In making the film more expositional, Eggers has also reframed it squarely around Ellen and her direct bond with Nosferatu. This has some interesting potential, but all Eggers does with this is to lean heavily into Victorian themes of lust and obsession with a heavy dose of general psycho-sexual drama. There is a laudable attempt to give Ellen more agency- which is fitting considering her crucial importance in the final act- but this largely falls flat. Depp certainly has the porcelain complexion and arresting beauty of an old-school ingenue, but sadly, she also has the dainty, fragile and unengaging persona of one as well.

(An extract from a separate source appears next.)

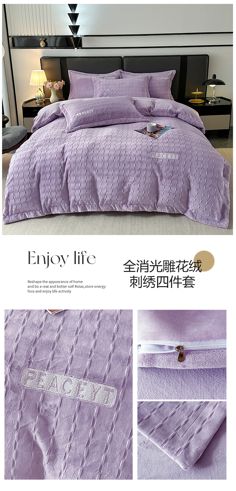 (总)梓之赫 2025新款保暖舒适牛奶绒印花夹棉床盖四件套,爱恋,豹纹,花盏-白,花盏-黑,眷恋,如约,心愿,约定

What’s worse, the attempts to liven her character are consigned to a lot of jerking (which sometimes works but sometimes feels silly) and a brief argument between her and Hutter, which ends in a pointless sex scene and isn’t explored further.

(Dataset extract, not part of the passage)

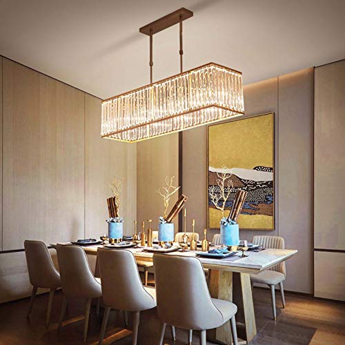 Moderno Lampadari Di Cristallo Lusso Chiaro K9 Chandelier Elegante Apparecchio Per Plafoniere Illuminazione Rettangolare A Filo Cromato Pendente Per Sala Da Pranzo Li-Oro E Cristallo 85 Cm

Depp should not be singled out for criticism, however, as a malady for grand annunciation seems to have infected the entire cast. Everyone sounds very posho and very English for a town in Germany. I know this issue troubles countless films, but there is something cartoonishly anglicised here, and the only character note Aaron Taylor-Johnson seems to have received while filming is to be more moustache-twirly.

This new Nosferatu is an admirable effort simmering over with the passion of its director. However, that director also doesn’t have anything new to add to the story, leaving the film a beautiful dud.